══ EXERCISE DATA ══

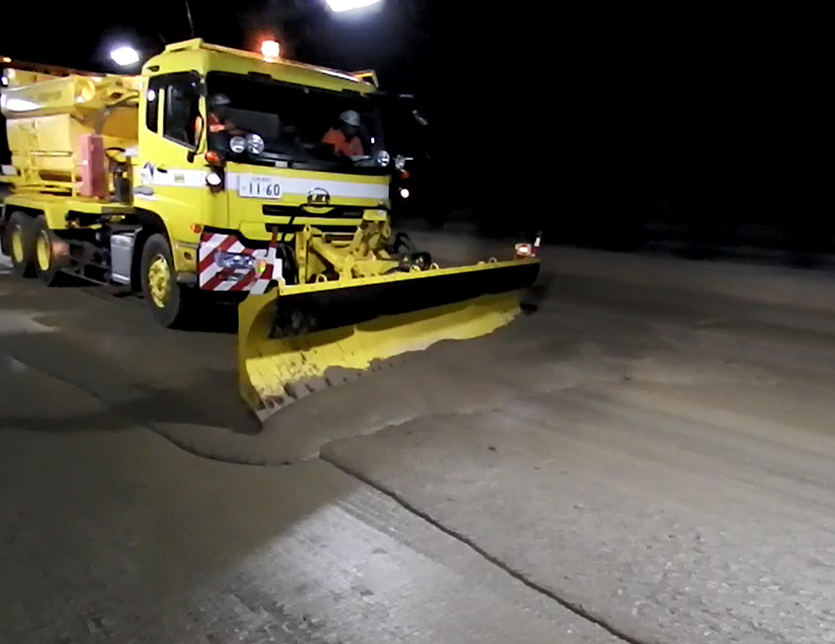除雪車による土砂撤去と散水車による清掃
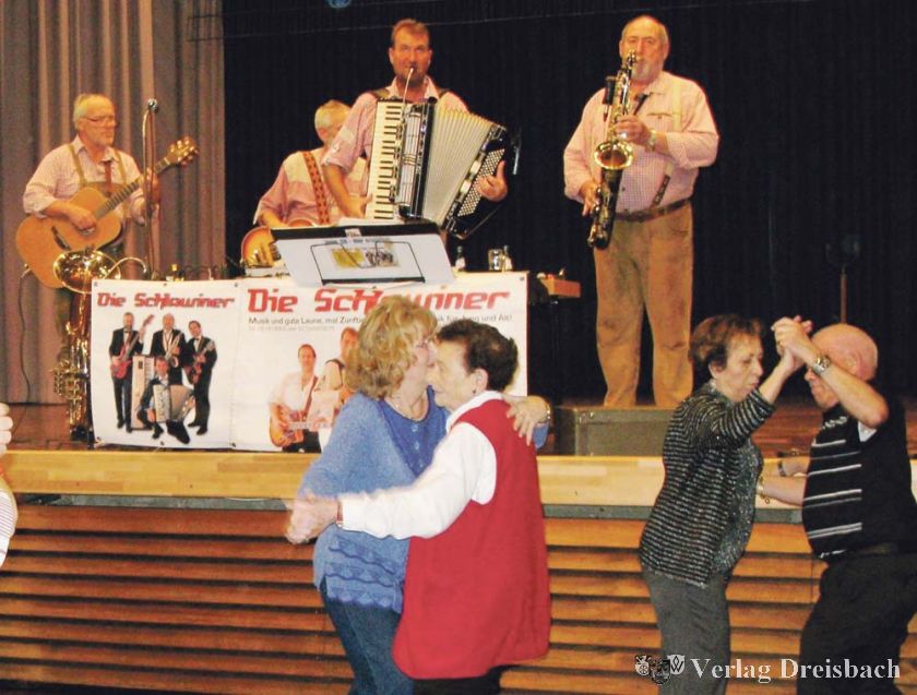 Die Schlawiner, die ihrem Namen alle Ehre machten spielten „In München steht ein Hofbräuhaus“ und auch alle anderen gern gehörten Bierzelt-Klassiker rauf und runter. Die Gäste hatten sich in Dirndl und Janker geworfen und bevölkerten sofort die Tanzfläche und das blieb auch den ganzen Nachmittag so. Es ist erstaunlich, mit wie viel Elan die älteren Leute noch das Tanzbein schwingen, dahinter können sich viele jüngere verstecken.
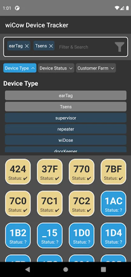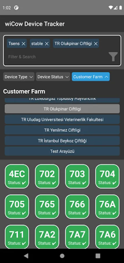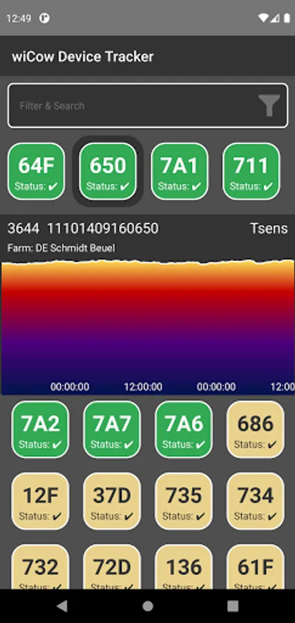 With this app, you can monitor devices' status and temperature graph. Also you can filter devices by their type, status and farm.
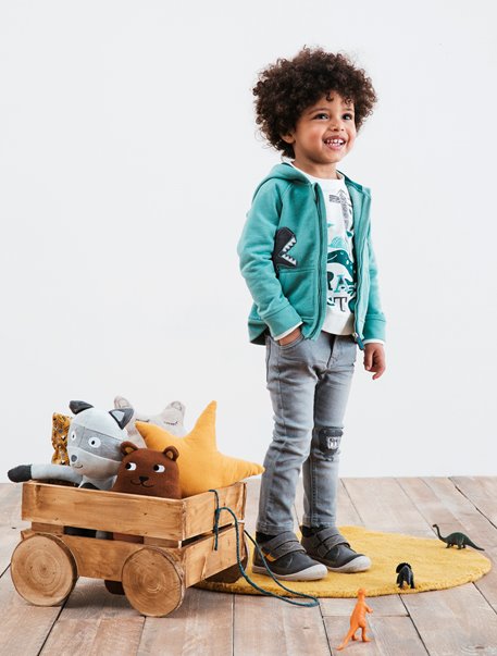Selber angezogen, und sogar richtig herum: Die trendigen Lederboots für Jungen lassen sich mit Klettriemen kinderleicht anziehen. Damit dabei der richtige Kinderschuh am richtigen Fuß landet, gibt es Geheimzeichen an der Sohle. Auch der Komfort stimmt: die solide Verarbeitung bietet sicheren Halt und Bewegungsfreiheit bei den Abenteuern des Alltags.

═══

-- WHAT YOU SHOULD DO --
Leave the pictures out and output all of the data verbatim.

-- WRITTEN RESPONSE --
除雪車による土砂撤去と散水車による清掃
 Die Schlawiner, die ihrem Namen alle Ehre machten spielten „In München steht ein Hofbräuhaus“ und auch alle anderen gern gehörten Bierzelt-Klassiker rauf und runter. Die Gäste hatten sich in Dirndl und Janker geworfen und bevölkerten sofort die Tanzfläche und das blieb auch den ganzen Nachmittag so. Es ist erstaunlich, mit wie viel Elan die älteren Leute noch das Tanzbein schwingen, dahinter können sich viele jüngere verstecken.
 With this app, you can monitor devices' status and temperature graph. Also you can filter devices by their type, status and farm.
Selber angezogen, und sogar richtig herum: Die trendigen Lederboots für Jungen lassen sich mit Klettriemen kinderleicht anziehen. Damit dabei der richtige Kinderschuh am richtigen Fuß landet, gibt es Geheimzeichen an der Sohle. Auch der Komfort stimmt: die solide Verarbeitung bietet sicheren Halt und Bewegungsfreiheit bei den Abenteuern des Alltags.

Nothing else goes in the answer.